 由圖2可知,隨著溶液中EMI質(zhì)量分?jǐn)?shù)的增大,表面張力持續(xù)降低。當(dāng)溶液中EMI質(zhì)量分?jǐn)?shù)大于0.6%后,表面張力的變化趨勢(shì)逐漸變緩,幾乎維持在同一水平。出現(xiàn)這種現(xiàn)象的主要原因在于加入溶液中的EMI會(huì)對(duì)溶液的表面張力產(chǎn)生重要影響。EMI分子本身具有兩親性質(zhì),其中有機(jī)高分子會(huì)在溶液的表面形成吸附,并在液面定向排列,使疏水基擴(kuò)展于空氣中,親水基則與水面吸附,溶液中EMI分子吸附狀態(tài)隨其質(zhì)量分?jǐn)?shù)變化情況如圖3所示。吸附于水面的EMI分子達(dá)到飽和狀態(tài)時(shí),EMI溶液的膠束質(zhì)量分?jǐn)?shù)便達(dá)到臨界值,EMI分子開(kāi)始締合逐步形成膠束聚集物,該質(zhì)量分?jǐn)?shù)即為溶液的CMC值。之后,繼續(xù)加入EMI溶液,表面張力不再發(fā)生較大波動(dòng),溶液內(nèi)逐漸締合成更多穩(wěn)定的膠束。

* * *

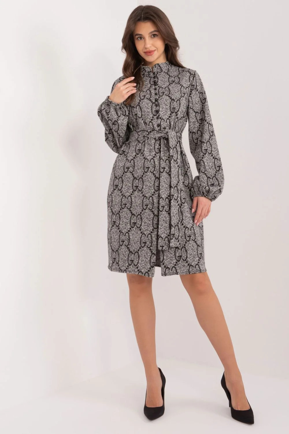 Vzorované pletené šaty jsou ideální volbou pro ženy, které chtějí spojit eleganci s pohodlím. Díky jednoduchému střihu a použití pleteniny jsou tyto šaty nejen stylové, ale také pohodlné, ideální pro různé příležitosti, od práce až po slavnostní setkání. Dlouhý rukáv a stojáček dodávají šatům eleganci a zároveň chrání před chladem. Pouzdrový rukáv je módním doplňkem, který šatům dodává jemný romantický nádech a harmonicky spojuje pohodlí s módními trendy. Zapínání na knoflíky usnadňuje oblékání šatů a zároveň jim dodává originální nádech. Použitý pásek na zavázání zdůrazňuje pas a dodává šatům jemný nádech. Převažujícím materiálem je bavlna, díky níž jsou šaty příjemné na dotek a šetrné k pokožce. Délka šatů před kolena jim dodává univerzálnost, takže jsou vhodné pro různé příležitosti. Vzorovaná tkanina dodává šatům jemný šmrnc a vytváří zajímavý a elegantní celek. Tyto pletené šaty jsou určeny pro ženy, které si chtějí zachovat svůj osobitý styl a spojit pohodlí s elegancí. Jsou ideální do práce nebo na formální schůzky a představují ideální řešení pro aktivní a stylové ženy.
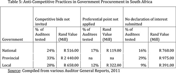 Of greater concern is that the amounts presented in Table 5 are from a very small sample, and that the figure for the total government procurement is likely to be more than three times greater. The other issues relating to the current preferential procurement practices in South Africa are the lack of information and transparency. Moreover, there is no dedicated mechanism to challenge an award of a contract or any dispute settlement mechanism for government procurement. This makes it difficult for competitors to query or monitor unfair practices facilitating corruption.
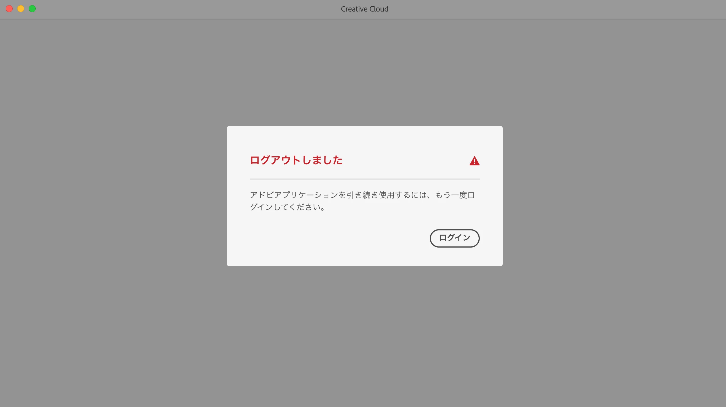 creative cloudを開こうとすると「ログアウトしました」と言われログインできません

* * *

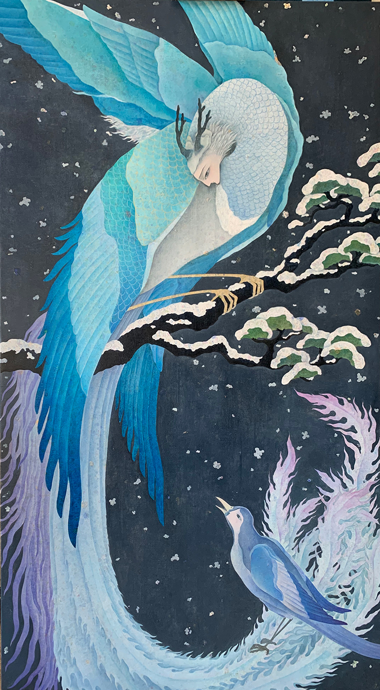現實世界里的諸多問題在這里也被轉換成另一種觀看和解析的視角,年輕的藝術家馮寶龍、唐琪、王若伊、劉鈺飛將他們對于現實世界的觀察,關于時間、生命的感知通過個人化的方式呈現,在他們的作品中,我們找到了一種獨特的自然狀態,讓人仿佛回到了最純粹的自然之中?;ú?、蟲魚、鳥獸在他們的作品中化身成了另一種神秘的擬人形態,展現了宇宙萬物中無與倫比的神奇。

(ASSIGNMENT):
Would you copy, word for word, only the lines above from the one containing "Vzorované pletené šaty" through the one containing "creative cloud", both included, and please leave out the pictures?

(OUTPUT FOR THIS TASK):
 Vzorované pletené šaty jsou ideální volbou pro ženy, které chtějí spojit eleganci s pohodlím. Díky jednoduchému střihu a použití pleteniny jsou tyto šaty nejen stylové, ale také pohodlné, ideální pro různé příležitosti, od práce až po slavnostní setkání. Dlouhý rukáv a stojáček dodávají šatům eleganci a zároveň chrání před chladem. Pouzdrový rukáv je módním doplňkem, který šatům dodává jemný romantický nádech a harmonicky spojuje pohodlí s módními trendy. Zapínání na knoflíky usnadňuje oblékání šatů a zároveň jim dodává originální nádech. Použitý pásek na zavázání zdůrazňuje pas a dodává šatům jemný nádech. Převažujícím materiálem je bavlna, díky níž jsou šaty příjemné na dotek a šetrné k pokožce. Délka šatů před kolena jim dodává univerzálnost, takže jsou vhodné pro různé příležitosti. Vzorovaná tkanina dodává šatům jemný šmrnc a vytváří zajímavý a elegantní celek. Tyto pletené šaty jsou určeny pro ženy, které si chtějí zachovat svůj osobitý styl a spojit pohodlí s elegancí. Jsou ideální do práce nebo na formální schůzky a představují ideální řešení pro aktivní a stylové ženy.
 Of greater concern is that the amounts presented in Table 5 are from a very small sample, and that the figure for the total government procurement is likely to be more than three times greater. The other issues relating to the current preferential procurement practices in South Africa are the lack of information and transparency. Moreover, there is no dedicated mechanism to challenge an award of a contract or any dispute settlement mechanism for government procurement. This makes it difficult for competitors to query or monitor unfair practices facilitating corruption.
 creative cloudを開こうとすると「ログアウトしました」と言われログインできません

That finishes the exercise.